DIRECTIONS FOR THIS TASK: Verbatim copy without images: repeat the records in full.
::: RECORD SET
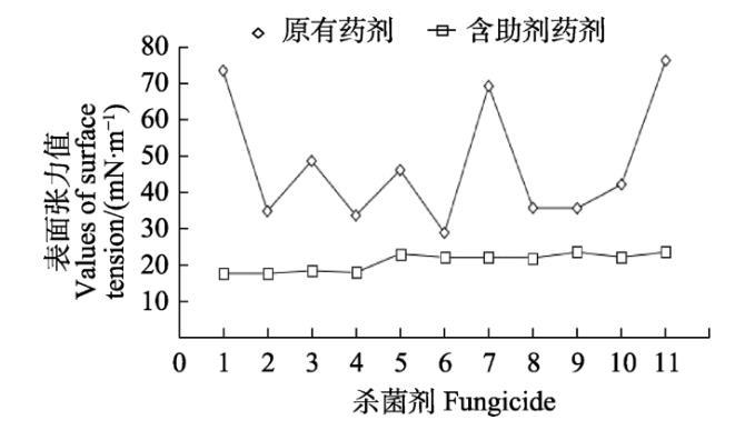 參照各供試殺菌劑田間推薦劑量,分別配置10 mL藥液2組,其中一組添加助劑,一組不含助劑。通過表面張力儀測試各藥液的表面張力值。每組設置3個重復,以水作為空白對照。
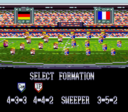 Before a soccer game starts, players get to choose a formation and set the game options. Options include turning on or off offsides, fouls, radar (a minimap showing where the players are positioned on the field), and whether to make the goal kick automatic or not. Players can also set the amount of time the each half of the game will last from as low as 1 minute to all the way up to 45 minutes.
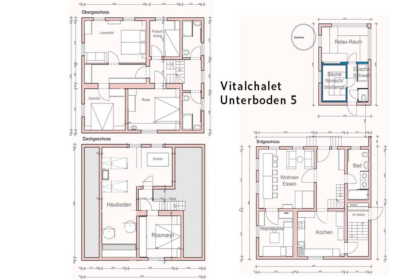 Unterboden 5 ist eine wunderschöne Hütte mit 5-7 Schlafzimmern (250 m²) für maximal 16 Personen.
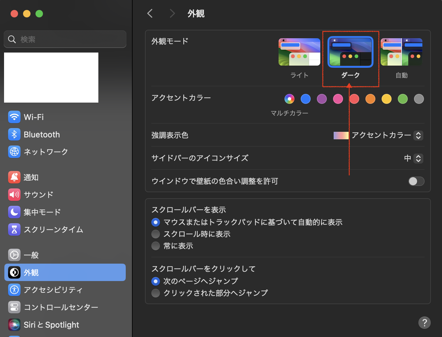darkにならないというのは、「ダーク」アイコンを選択できないのでしょうか、
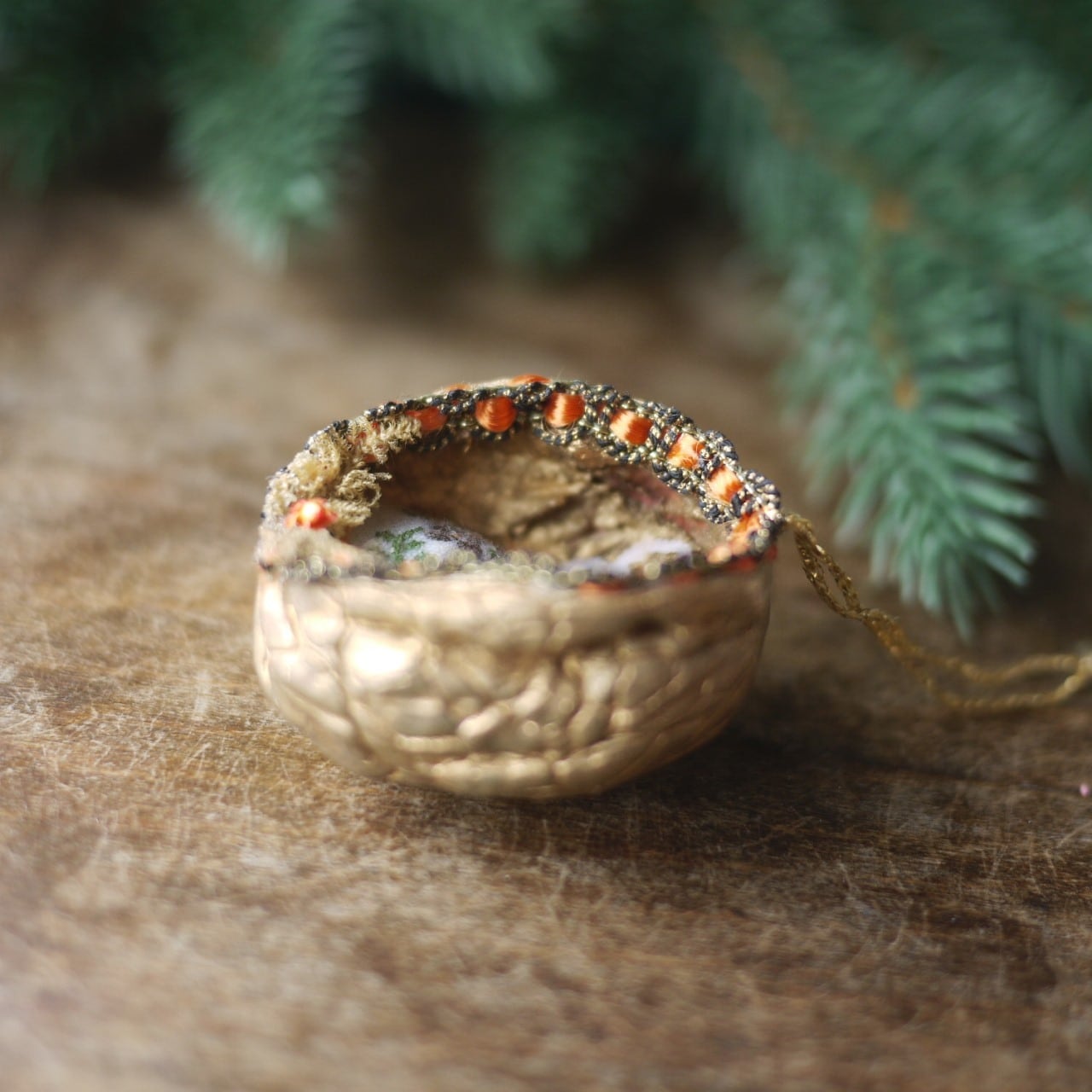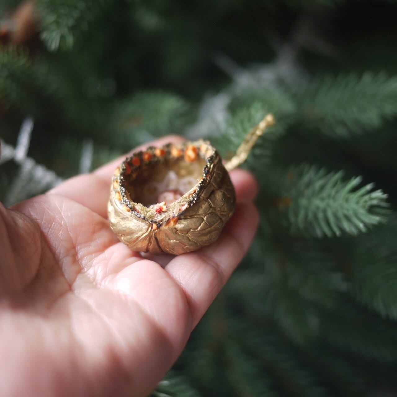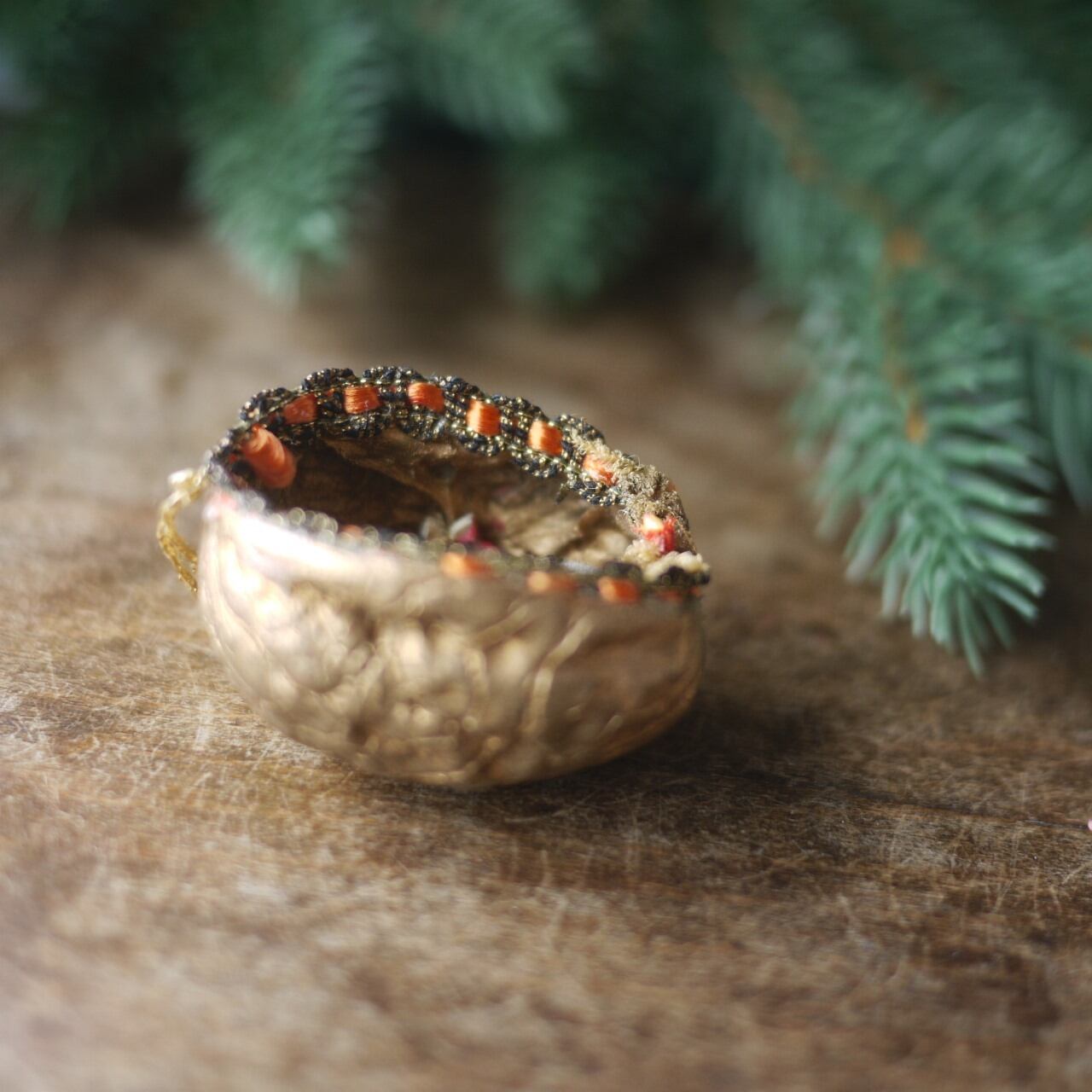 クルミの周りはオレンジとゴールドのブレード。
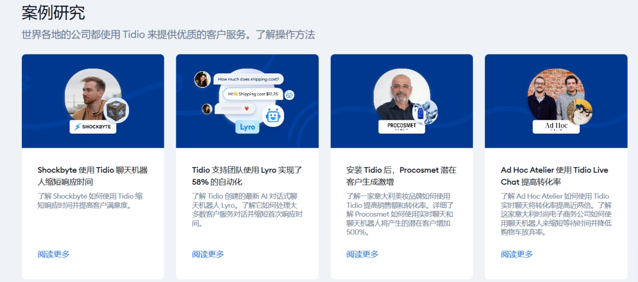 TIDIO提高客户满意度、减少等待时间、辅助销售等。
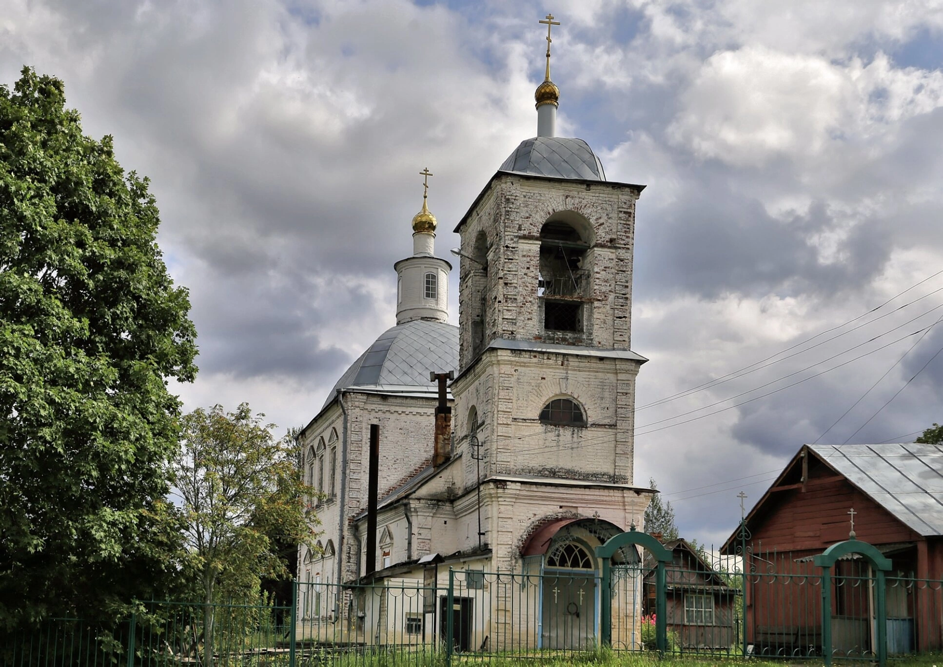 На снимке отчетливо видны следы времени на стенах святой обители - местами наблюдается осыпание штукатурки, что свидетельствует о необходимости проведения реставрационных работ. С левой стороны от храма растет величественное дерево с пышной кроной, а с правой стороны расположен деревянный дом, традиционно характерный для русских селений. Перед церковной оградой установлен металлический забор, на переднем плане изображена зеленая травяная растительность. Небесный свод покрыт облаками, создающими особое настроение благости и умиротворения.
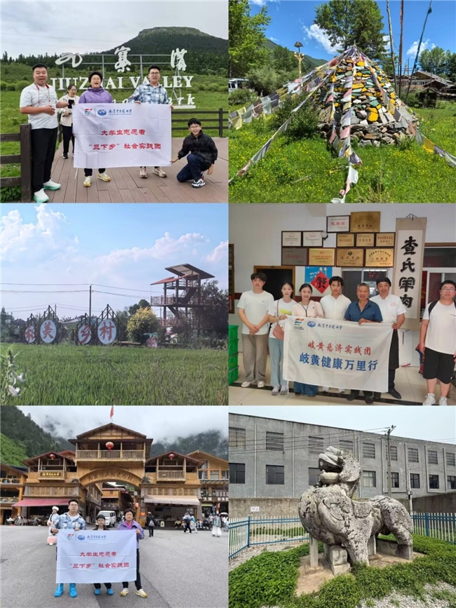 团队成员们走进省传统村落东王村,探究健康生活方式,传递健康理念;走进新疆草原,赏牛羊遍野,感受自然风光;走进九寨沟三寨居所,探究传统建筑,了解历史文化,学习民族风俗......岐黄悬济实践团以青春之笔共同描绘中华文脉地图,展现南中医学子精神风貌,贡献青年力量。
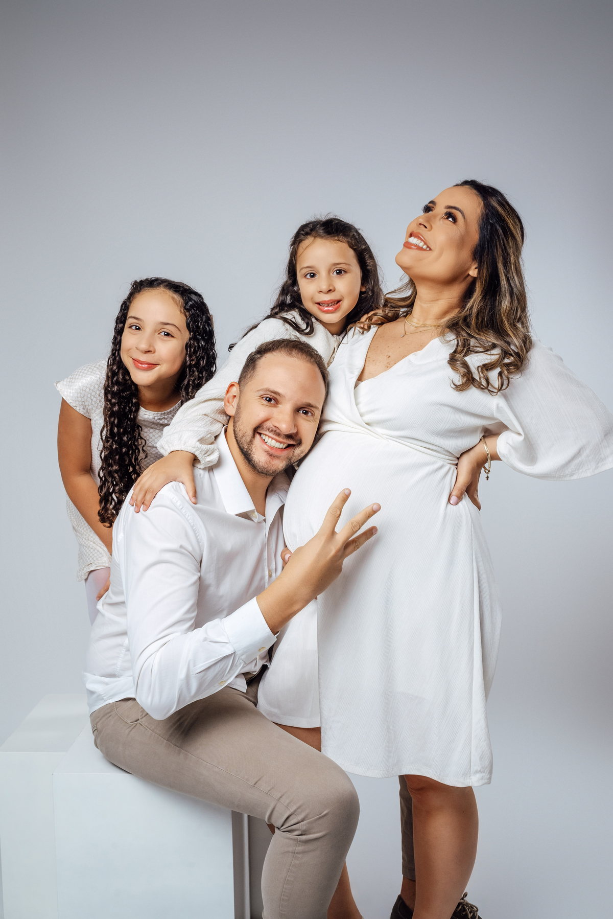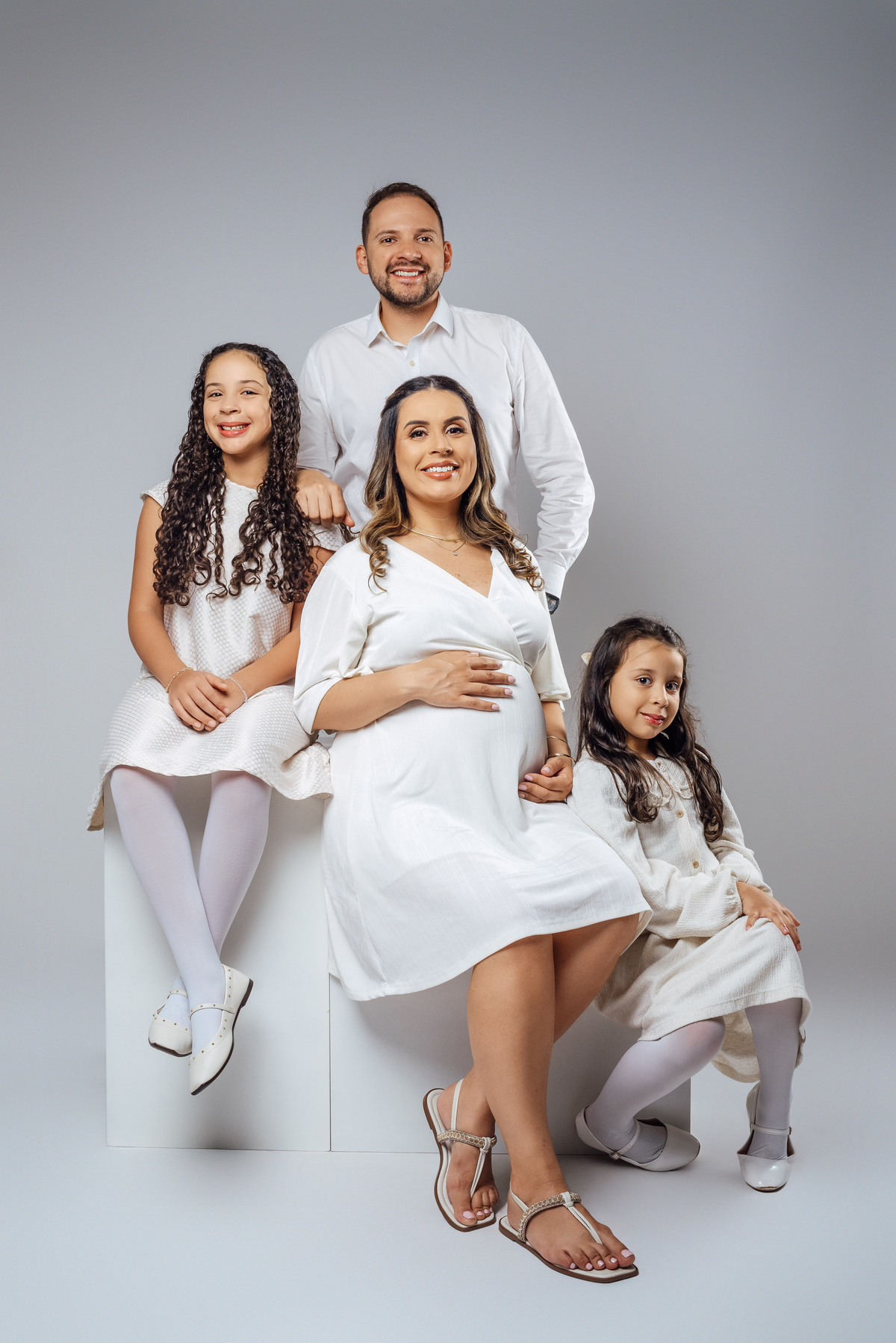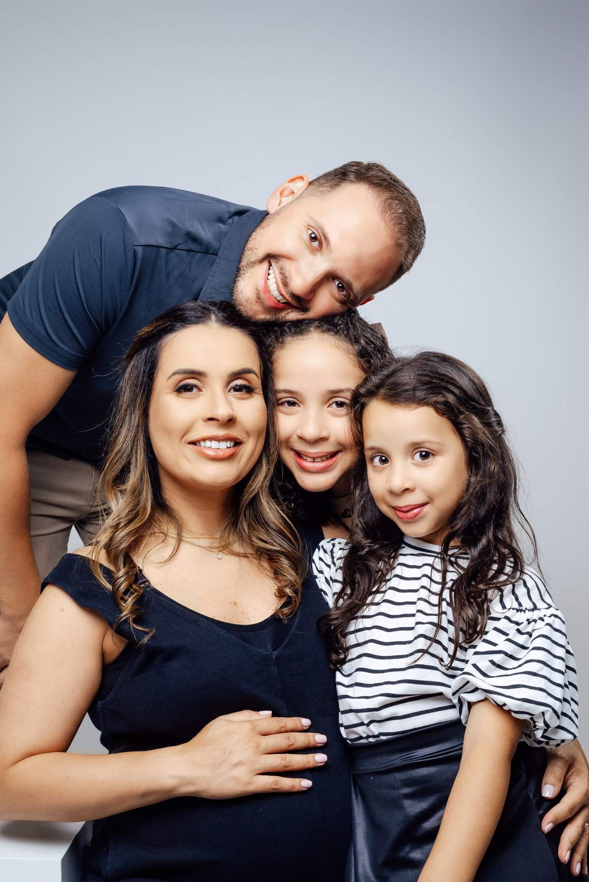 As duas irmãs mais velhas trouxeram ainda mais vida para o ensaio, com aquele carinho cheio de curiosidade e expectativa pela chegada do irmão.
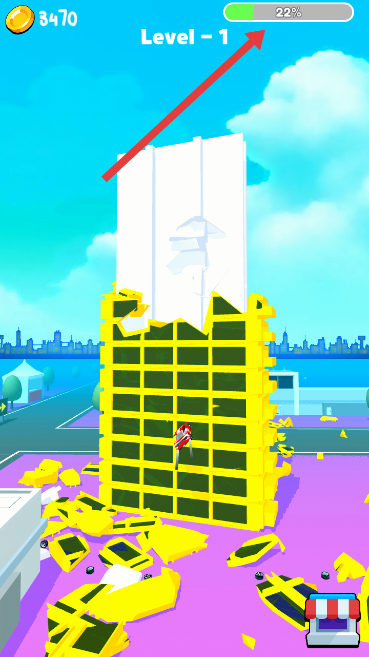 3、需要时刻关注顶部的进度条,持续的撞击大楼,直至进度条充满,完成Level1的破坏任务。
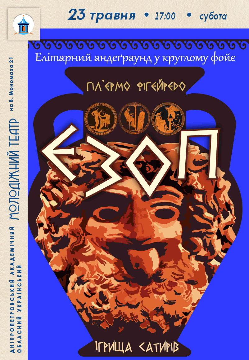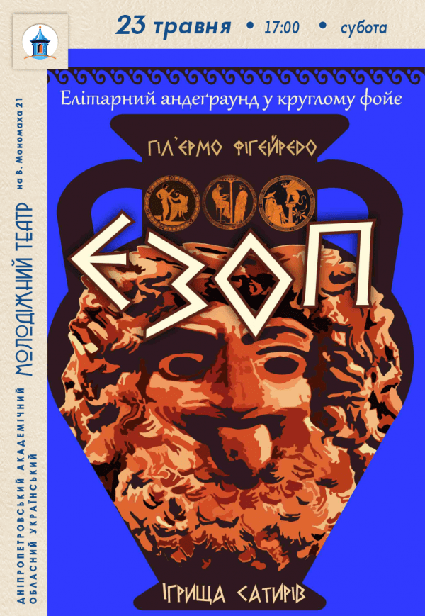 Спектакль «Эзоп» состоится 23 мая 2026, 17:00, суббота в Днепропетровский академический молодежный театр. С помощью сервиса internet-bilet.ua, Вы сможете с легкостью забронировать, заказать и купить билеты на интересующий Вас концерт, спектакль, оперу, балет, мастер-классы, спортивные и детские мероприятия, оплатив их самым удобным для Вас способом: через интернет банковской картой VISA/MasterCard, наличными или курьером, если сделаете заказ билета c доставкой.
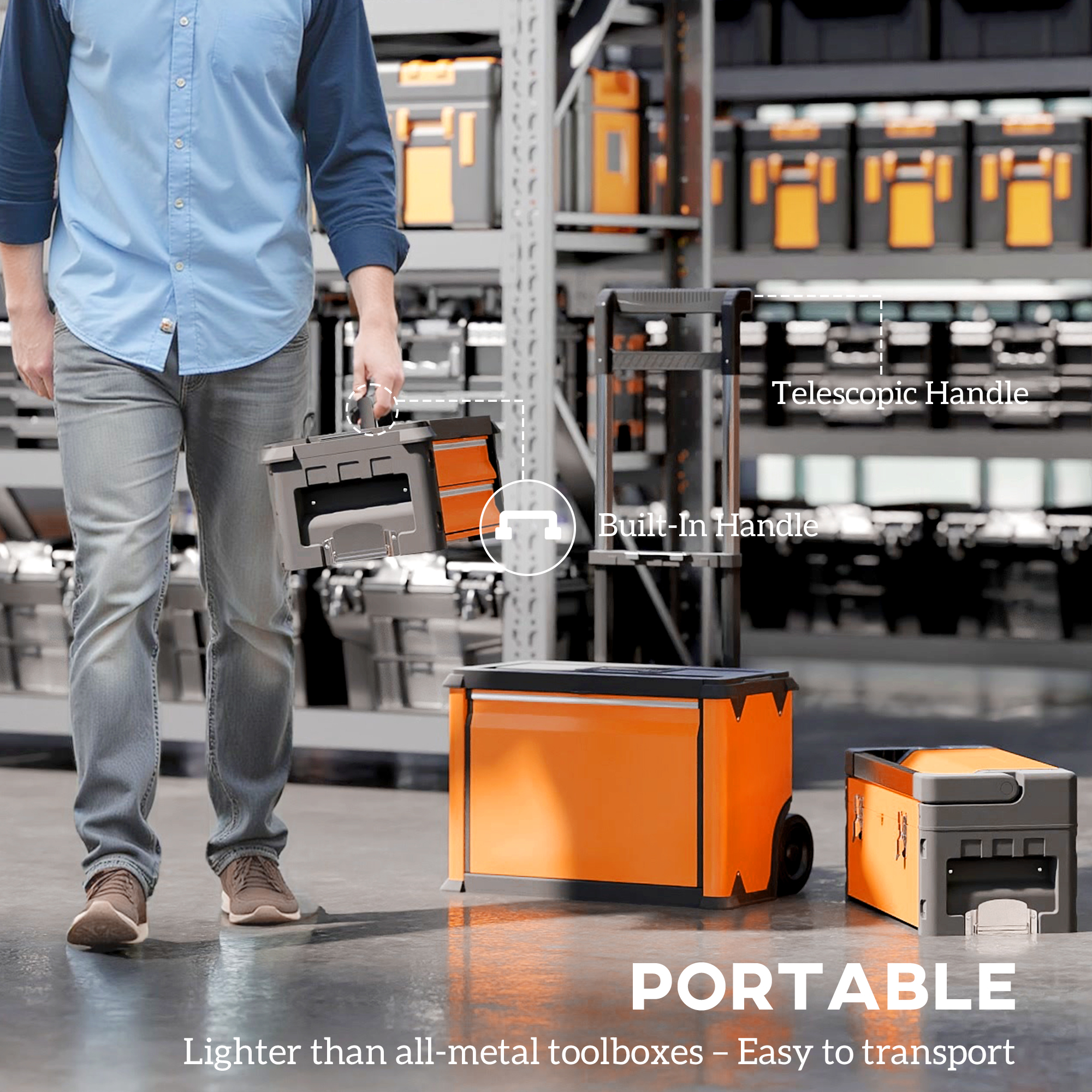 - Lightweight design (compared with all-metal construction), with handle for easy transportation
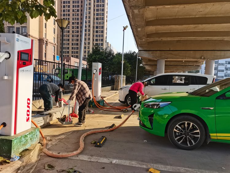 當天,城泊員工來到長山路橋下停車場,開展清掃活動,大家拿起掃把、鐵鍬全身心投入到大掃除中。職工們有的彎腰撿拾廢紙和垃圾,有的奮力清掃路面,有的來回清運垃圾,有的擦拭新能源充電樁的灰塵。大伙齊心協力認真細致, 個個干勁十足,不怕臟,不怕累,對任何一處垃圾都不放過,分區域逐步清理停車場的衛生死角,大大提高了現場工作效率,確保現場品質上臺階,努力打造出新能源汽車充電驛站示范點。
::::::
ANSWER AREA:
 參照各供試殺菌劑田間推薦劑量,分別配置10 mL藥液2組,其中一組添加助劑,一組不含助劑。通過表面張力儀測試各藥液的表面張力值。每組設置3個重復,以水作為空白對照。
 Before a soccer game starts, players get to choose a formation and set the game options. Options include turning on or off offsides, fouls, radar (a minimap showing where the players are positioned on the field), and whether to make the goal kick automatic or not. Players can also set the amount of time the each half of the game will last from as low as 1 minute to all the way up to 45 minutes.
 Unterboden 5 ist eine wunderschöne Hütte mit 5-7 Schlafzimmern (250 m²) für maximal 16 Personen.
darkにならないというのは、「ダーク」アイコンを選択できないのでしょうか、
 クルミの周りはオレンジとゴールドのブレード。
 TIDIO提高客户满意度、减少等待时间、辅助销售等。
 На снимке отчетливо видны следы времени на стенах святой обители - местами наблюдается осыпание штукатурки, что свидетельствует о необходимости проведения реставрационных работ. С левой стороны от храма растет величественное дерево с пышной кроной, а с правой стороны расположен деревянный дом, традиционно характерный для русских селений. Перед церковной оградой установлен металлический забор, на переднем плане изображена зеленая травяная растительность. Небесный свод покрыт облаками, создающими особое настроение благости и умиротворения.
 团队成员们走进省传统村落东王村,探究健康生活方式,传递健康理念;走进新疆草原,赏牛羊遍野,感受自然风光;走进九寨沟三寨居所,探究传统建筑,了解历史文化,学习民族风俗......岐黄悬济实践团以青春之笔共同描绘中华文脉地图,展现南中医学子精神风貌,贡献青年力量。
 As duas irmãs mais velhas trouxeram ainda mais vida para o ensaio, com aquele carinho cheio de curiosidade e expectativa pela chegada do irmão.
 3、需要时刻关注顶部的进度条,持续的撞击大楼,直至进度条充满,完成Level1的破坏任务。
 Спектакль «Эзоп» состоится 23 мая 2026, 17:00, суббота в Днепропетровский академический молодежный театр. С помощью сервиса internet-bilet.ua, Вы сможете с легкостью забронировать, заказать и купить билеты на интересующий Вас концерт, спектакль, оперу, балет, мастер-классы, спортивные и детские мероприятия, оплатив их самым удобным для Вас способом: через интернет банковской картой VISA/MasterCard, наличными или курьером, если сделаете заказ билета c доставкой.
 - Lightweight design (compared with all-metal construction), with handle for easy transportation
 當天,城泊員工來到長山路橋下停車場,開展清掃活動,大家拿起掃把、鐵鍬全身心投入到大掃除中。職工們有的彎腰撿拾廢紙和垃圾,有的奮力清掃路面,有的來回清運垃圾,有的擦拭新能源充電樁的灰塵。大伙齊心協力認真細致, 個個干勁十足,不怕臟,不怕累,對任何一處垃圾都不放過,分區域逐步清理停車場的衛生死角,大大提高了現場工作效率,確保現場品質上臺階,努力打造出新能源汽車充電驛站示范點。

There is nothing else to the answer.